A total of 16 cables were selected in this cable force test, including six cables at arch ribs A and B and four cables at arch ribs C. As shown in Figure 8(c), The test cable force varies with the change in temperature. The trend of the force at arch rib C is inversely proportional to the temperature change; that is, when the temperature increases, the force decreases, and when the temperature decreases, the force increases, and this relationship is pronounced. In contrast, from Figure 8(a) and (b), the force at arch ribs A and B showed a fluctuation with temperature. In addition, it can be seen from Figure 8(d) that the total cable force of the 16 cables in this test is also inversely proportional to the temperature.

Figure 8.

Figure 8

Cable force test results (a) Cable force at arch rib A (b) Cable force at arch rib B (c) Cable force at arch rib C (d) Sum of all tested cable forces.

The measured data are divided into continuous heating and continuous cooling for comparative analysis, and the influence of temperature rise and fall on cable force is discussed. From Figure 9(a), and (b), it can be seen that under the condition of monotonous temperature change, the change of cable force in different parts is inconsistent, and the inconsistency is mainly reflected in the inconsistent change trend and the inconsistent change amplitude.

Figure 9.

Figure 9

Cable force change with temperature (a) Variation of cable force under heating condition (b) Variation of cable force under cooling condition.

The changing trend is not consistent; with the increase of temperature, not all the cable tensions decrease, but there are two states of partial cable tension increase and cable tension decrease, and the opposite trend changes in the case of temperature decrease. This is because the change of the cable force is not only affected by the thermal expansion and contraction of the cable itself, but also the uncoordinated deformation of the beam arch caused by the temperature difference effect between the structures will change the relative position of the two ends of the cable, thus affecting the cable force. The inconsistent variation amplitude of cable force is reflected by the different variations of cable force at different positions under the same temperature. The variation of cable force at arch rib C is the largest, and the variation of cable force at 14 °C is up to −106.5 kN, with a change rate of −13.9 %. The variation of cable force at arch ribs A and B is small and close. When the cable is also heated at 14 °C, the maximum variation of cable force is only −30.5 kN, with a change rate of −4.6 %, indicating that the temperature sensitivity of cables at different positions is quite different.

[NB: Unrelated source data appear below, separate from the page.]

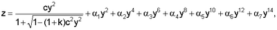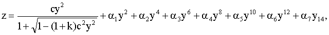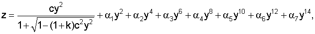 – оптическая система содержит, по меньшей мере, один цилиндрический преломляющий оптический элемент, который имеет, по меньшей мере, одну поверхность с некруговым профилем, задаваемую конической постоянной и коэффициентами при высших степенях координаты на поверхности
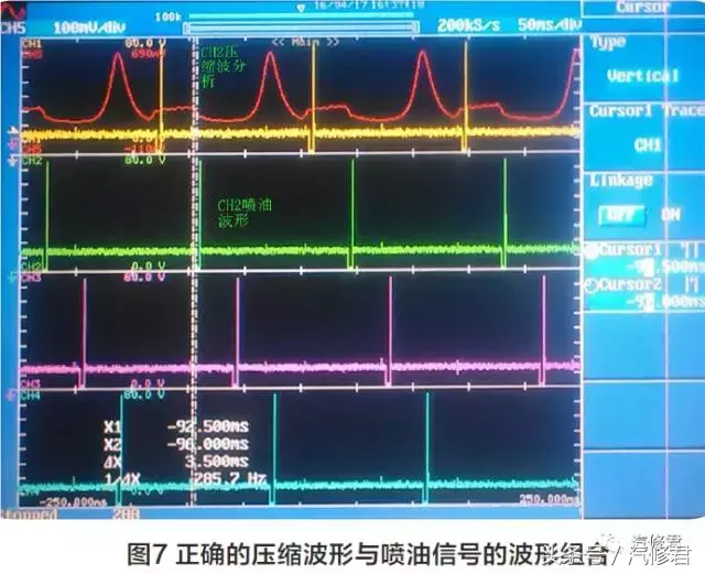 结合图6 (汽缸压缩波分析)就可以分析出图5的喷油时 刻是在压缩状态下喷油,这是不正确的(CHI黄色喷油波形与 CH5汽缸压缩波形)。图7为正确的压缩波形与喷油信号的波 形组合。
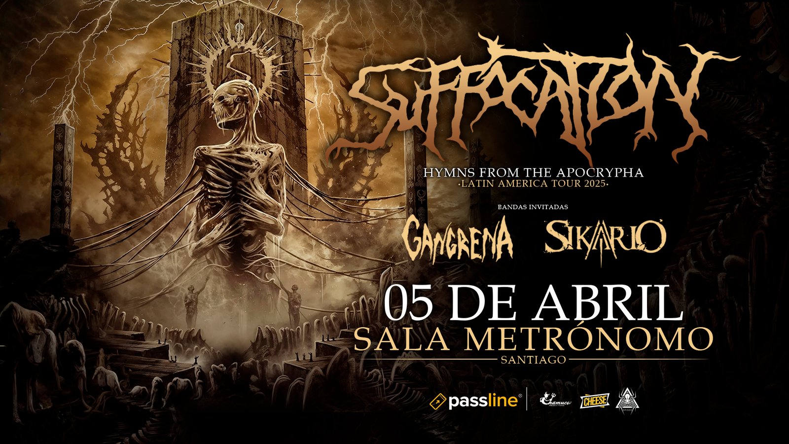 Los maestros de death metal técnico, Suffocation, saben bien que en Chile siempre tienen abiertas las puertas del averno. Su retorno ya tiene fecha para el sábado 5 de abril en Sala Metrónomo, en una jornada infernal que contará con Gangrena y Sikario como bandas chilenas invitadas para completar un cartel colmado de brutalidad y desenfreno.
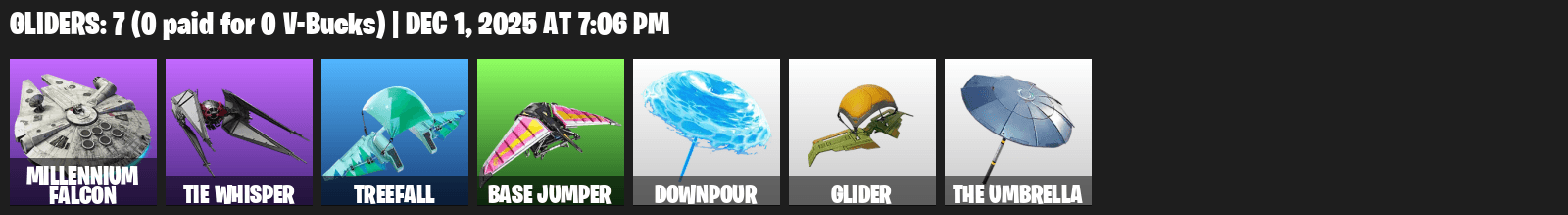 Millennium Falcon, TIE Whisper, Treefall, Base Jumper, Downpour, Glider
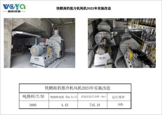 3.运行效率提高:改造后,篦冷机风机的运行效率达到了84%。这表明设备的性能得到了显著提升,生产过程更为高效,减少了资源的浪费。
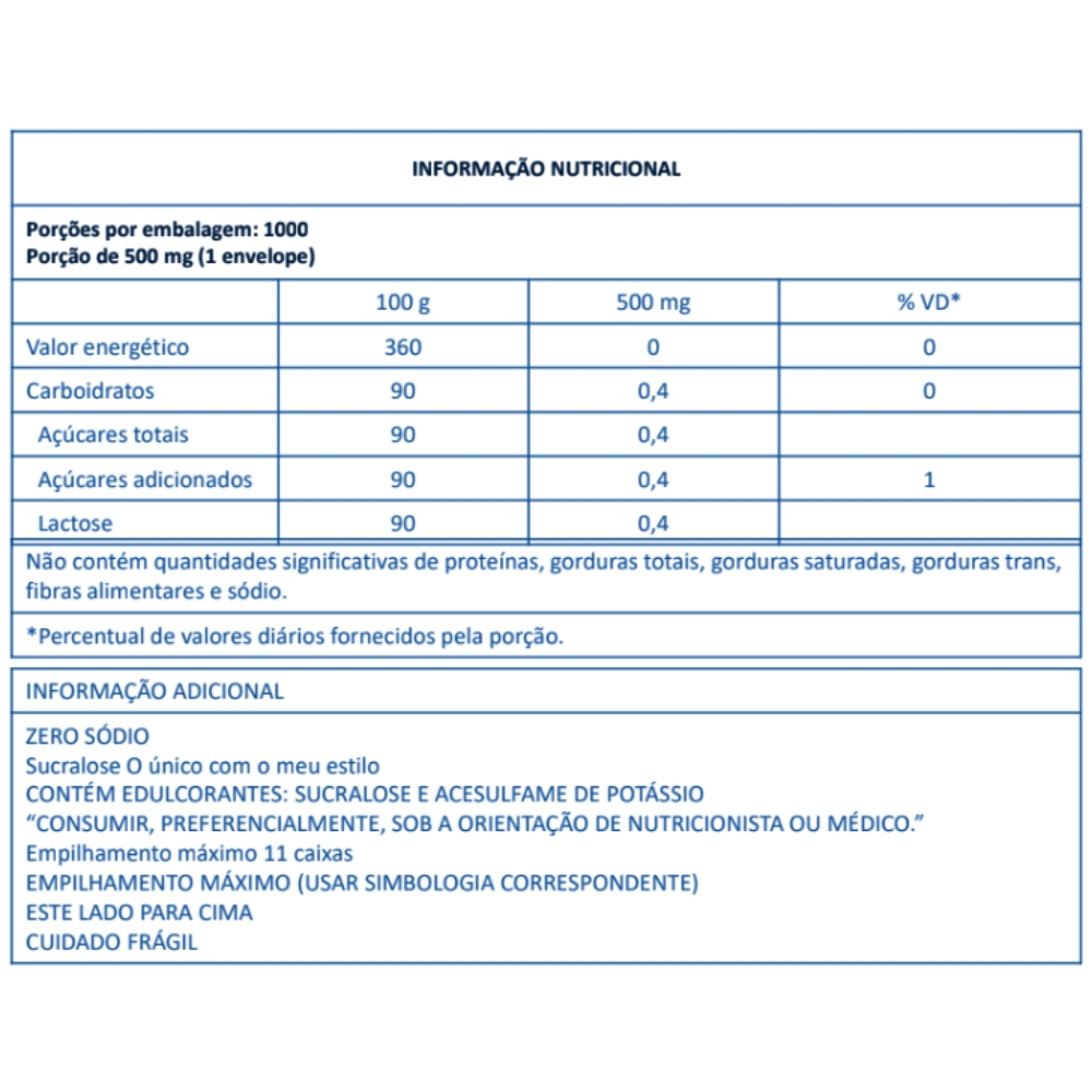 Adoçante Sucralose Institucional em pó Linea 1000 Sachês de 500mg
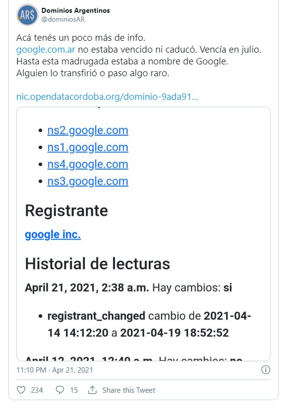 Sin embargo, luego, la cuenta Dominios Argentinos aclaró esa cuestión: “Acá tenés un poco más de info. http://google.com.ar no estaba vencido ni caducó. Vencía en julio. Hasta esta madrugada estaba a nombre de Google. Alguien lo transfirió o pasó algo raro”.
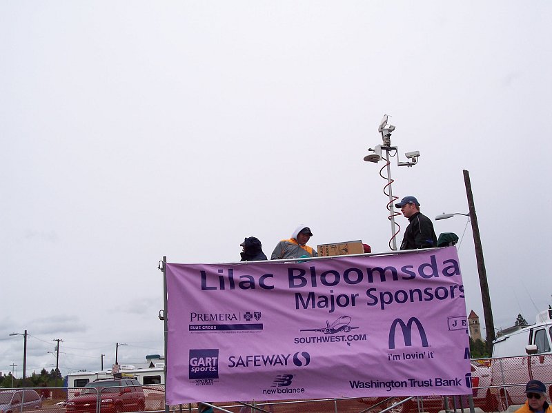 Speaking of the DJ's location, here it is. And there on the banner are listed the companies that helped to make this race work. Bravo to them! |
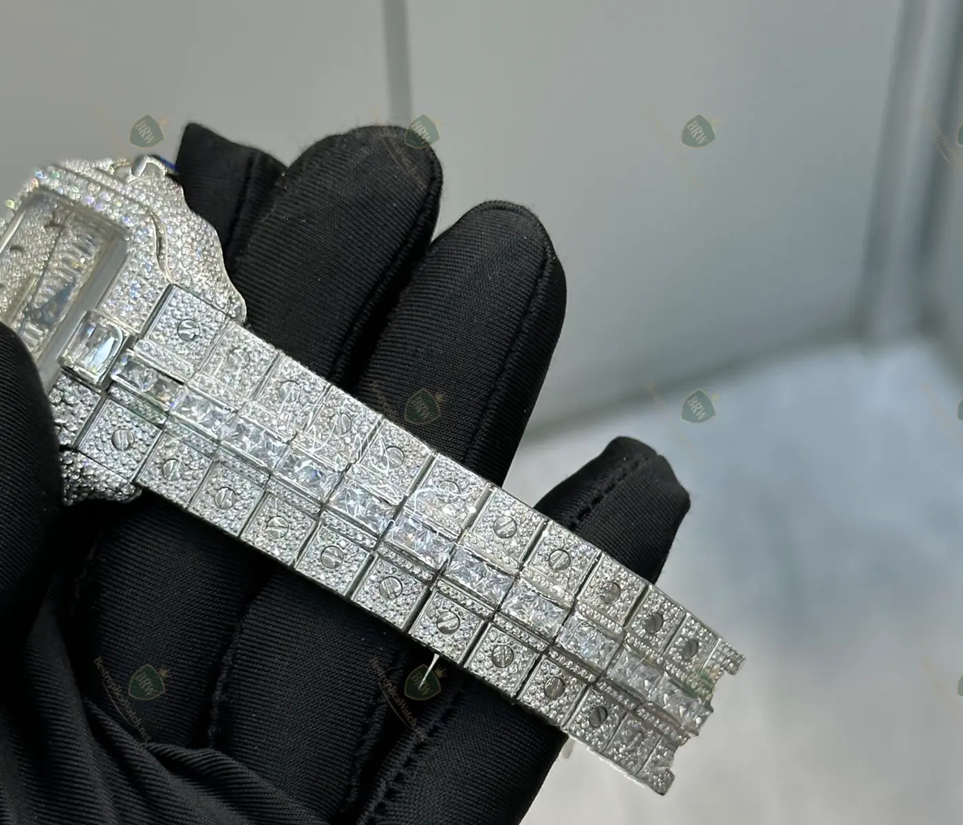 Be the first to review “Cartier Santos fully diamond encrusted custom model” Cancel reply

This related to the particular special arrangement of cable faces and the wide flat beam. The bridge is 42 m wide and has three cable faces in the cross-bridge direction (with the C-arch rib cable face in the central divider and the remaining two cable faces symmetrically arranged in the left and right side dividers), which can simplify the main beam transversely to a three-point support state. When the temperature causes the rise of the cable force on both sides, the cable connecting the C-arch will distribute less cable force, resulting in a sharp drop of the cable force. The cable connecting the C-arch will distribute more force in the opposite case. Therefore, the force variation of the cables at arch rib C is larger than that of the cables at arch ribs A and B.

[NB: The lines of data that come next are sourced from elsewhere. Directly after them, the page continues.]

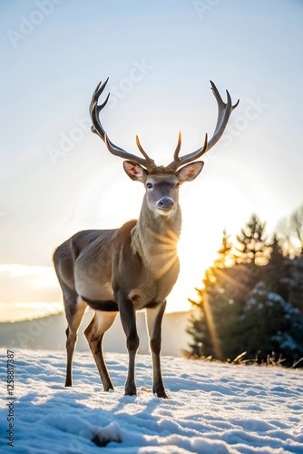 Create a serene and picturesque image of a deer standing in a snowy landscape.
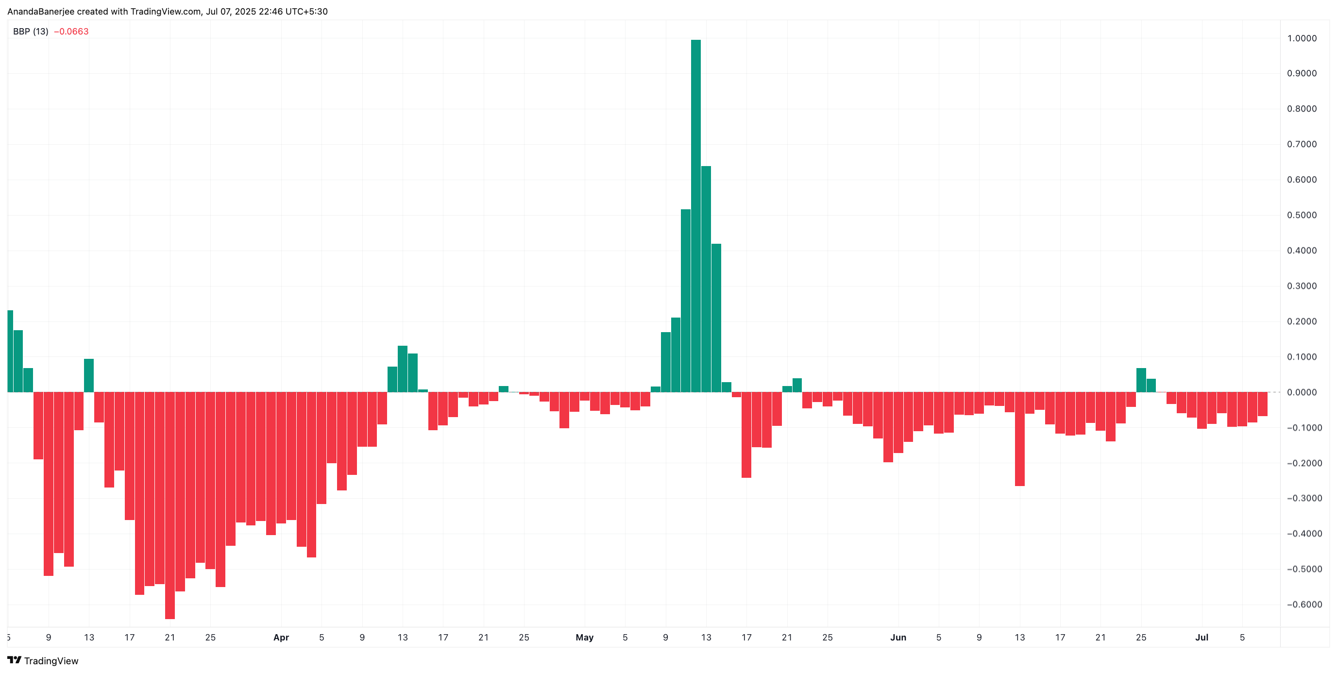 Індекс Елдера Рея малює заплутану картину. Бики залишаються здебільшого мовчазними, а Ведмежа Сила все ще показує постійні червоні стовпчики. Проте ці стовпчики без нових сплесків, що може призвести до певного оптимізму.
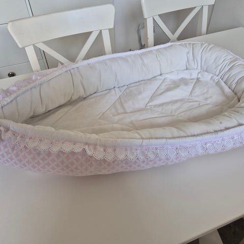 Säljer ett superfint handsytt babynest från Inge Mari med dekorativ spetskant.
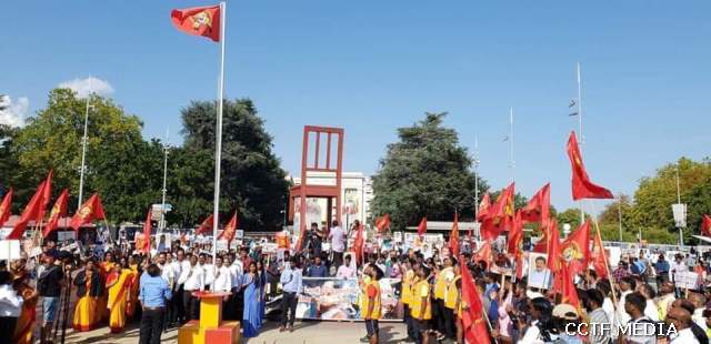 தமிழின அழிப்பிற்கு நீதியை பெற்றுக்கொடுக்க சர்வதேச சமூகம் முன்வர வேண்டும் என்று வலியுறுத்தி- ஜெனீவாவிலுள்ள ஐ.நா தலைமையகத்திற்கு முன்பாக புலம்பெயர் தமிழர்கள் இன்று 16.09.2019 திங்கட்கிழமை அணியெனத் திரண்டனர்.

In addition, the maximum amplitude of cable force change at arch rib C is related to the relative cable length and the flexural stiffness of the arch rib, and the average cable lengths of the booms at arch ribs A, B, and C are 42.9 m, 36.8 m, and 18.4 m. To meet the deformation coordination, the same amount of cable length change causes different values of cable force change, and the short cable will produce a larger cable force change than the long cable. Therefore, the change in cable force of the boom at arch rib C is the largest.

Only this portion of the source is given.